Alan Hunter contacted me last year and told me about the apprentices from BHC (British Hovercraft Corporation) back in the 60’s being some of the first guys to start surfing. Earlier this week I met up with Alan and he told me a few stories from those times.
British Hovercraft Corporation (B.H.C.) had an apprentiuce hostel and training centre located in the old Naval Hospital in Whippingham on top of the hill in East Cowes and near to Osborne House. There were dormitories, workshops and a drawing school in the old wards which was a row of long buildings connected by a covered walkway. The dormitories were probably a bit like old being in a boarding scholl with rows of beds along the sides and lockers in the middle. Each dormintory could hold about 30 apprentices.
This is where Alan Hunter, Geoff ‘Ned’ Gardner, Derek ‘Cosmic Leashes’ Thompson, Tad Ciastula, Dougie Clark and Bob Booth started their working lives as Apprentice Engineers. The other apprentices were either from the mainland or came from parts of the Island where there was no sufficient public transport to be able to get them to work on time so they stayed at the hostel. The apprentices were a mixed bunch with Islanders, ex public school boys and lads from the ‘Metal Box Company’ in Croydon, London and the ‘Metal Box Company, Carlisle, Scotland who did their first years apprenticeship at the Training Centre on the island.

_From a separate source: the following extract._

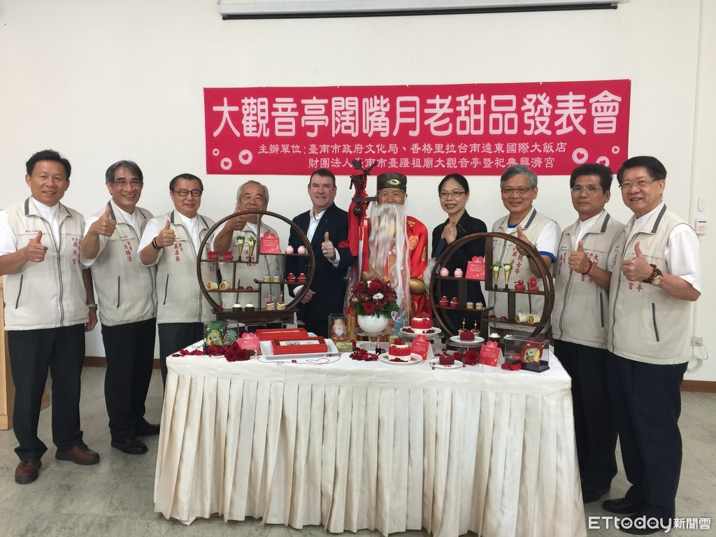 ▲台疆祖廟大觀音亭暨祀典興濟宮,與香格里拉台南遠東國際大飯店,設計出「闊嘴月老限定甜點及下午茶」,共同行銷台南獨有的月老文化。(圖/記者林悅攝)

It was a melting pot of different people, many of whom went onto great things. All around the hostel were the old Saunders Roe Test Centre, with test tanks, windtunnels and various works. At the back of the dormitories was a big tin shed which would always be a hive of activity. The apprentices would spend their free time working on there own personal projects from bikes, motorbikes, scooters, cars, fly by wire model aeroplanes and shaping surfboards. This tin shed was just as essential to their learning as the Training Centre was.
Alan remembers that Tad came from Winchester School and that Tad’s father was a designer on the Saunders-Roe Skeeter, a two-seat training and scout helicopter. The Skeeter has the distinction of being the first helicopter to be used by the British Army Air Corps.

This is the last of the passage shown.